During a meeting with 14 Democratic governors at the White House, Obama said Republicans are out of touch with their constituents on the issue, and sought to build momentum for his effort to raise the federal minimum wage to $10.10 an hour by 2016.
Last year, Gov. Chris Christie vetoed a bill that would have raised the state’s minimum wage but voters approved a ballot measure giving the lowest paid workers a raise despite GOP opposition.
The President noted that much of the activity surrounding his push to address income inequality through higher wages is happening on a state level in Hawaii, Washington, Connecticut, Maryland, Massachusetts, Illinois and elsewhere.

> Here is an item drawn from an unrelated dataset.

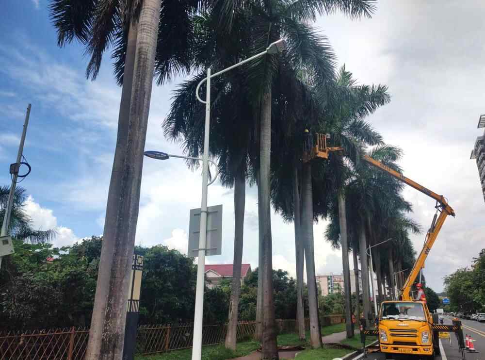 区林业和园林局启动三级责任体系,城区绿化应急抢险队、9支林业站应急分队以及2支社会支援队伍共150人已24小时待命,高空作业车、吊机、运输车等物资设备全部准备就绪。同时,对城区5万株行道树和全区559株古树名木进行全面排查,重点对10条城区主干道行道树进行防风疏枝修剪,近段时间完成树木修剪约10000株。
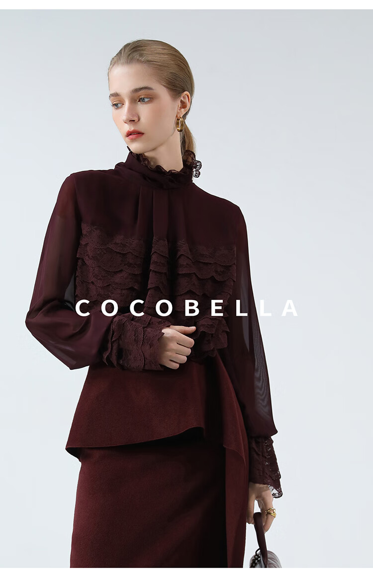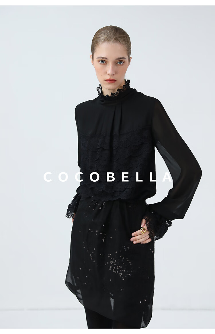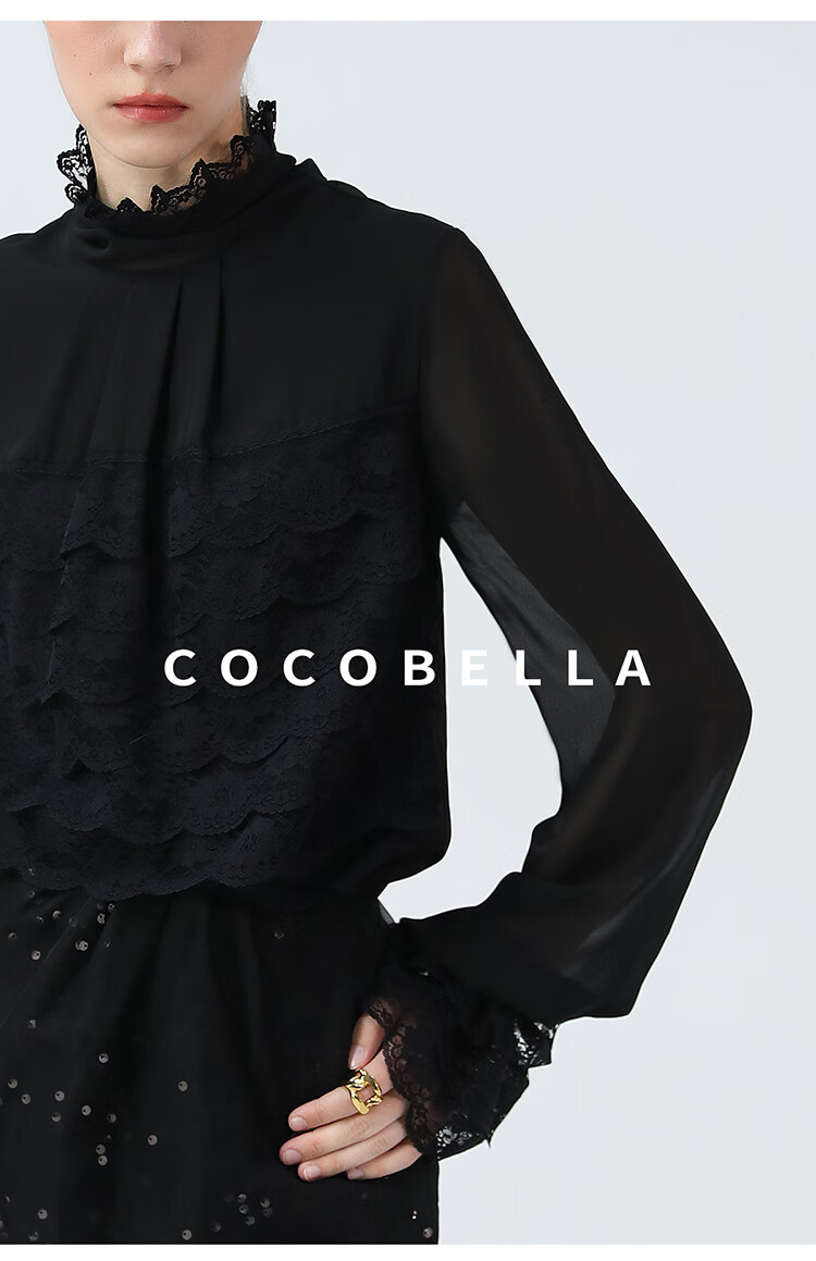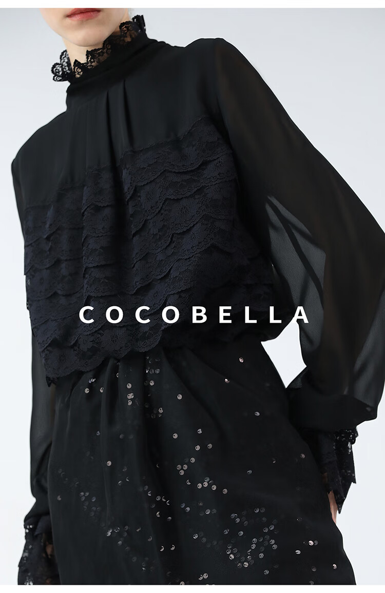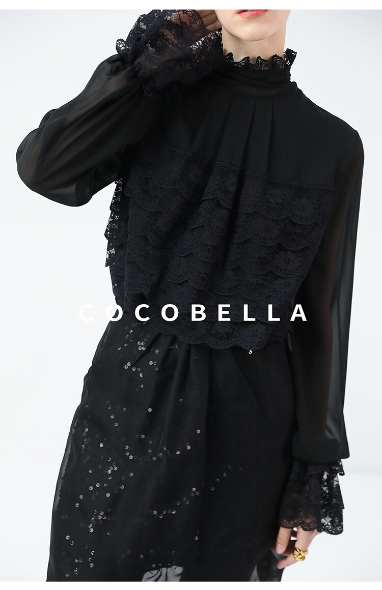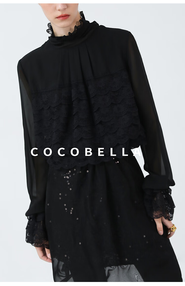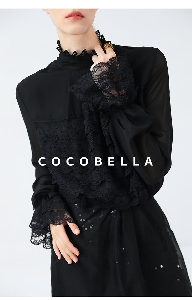 【限时秒杀】COCOBELLA精致女人味优雅多层蕾丝衫赫本风长袖衬衫LC7028-3

“This is not just good policy. It also happens to be good politics,” Obama said. “Because the truth of the matter is the overwhelming majority of Americans think that raising the minimum wage is a good idea.”
“For example, in New Jersey, even though the Republican governor (Chris Christie) opposed it, it passed by 60 percent,” Obama said.
Obama wants to raise the minimum wage to $10.10 per hour from the current $7.25. Polls show three quarters of Americans favor the plan.
The proposal has little chance of approval by Congress. The Congressional Budget Office said it would lead to the loss of about half a million jobs by late 2016, even as it lifts almost a million people out of poverty.
The meeting on Friday focused on state initiatives to raise the minimum wage. Obama made a similar jab at Christie, a potential 2016 Republican presidential candidate, during a dinner on Thursday with the Democratic governors.
“Governor Christie opposed it; it got 60 percent of the vote — because voters understood this is the right thing to do, and it will be good for the economy, not bad for the economy,” he said.
Christie’s national political ambitions have been threatened recently by the disclosure of his aides’ roles in the New Jersey lane closures for the George Washington Bridge, which caused days of traffic in the town of Fort Lee. Emails show that his staff closed the lanes in September after Fort Lee’s Democratic mayor declined to support Christie’s re-election bid last year.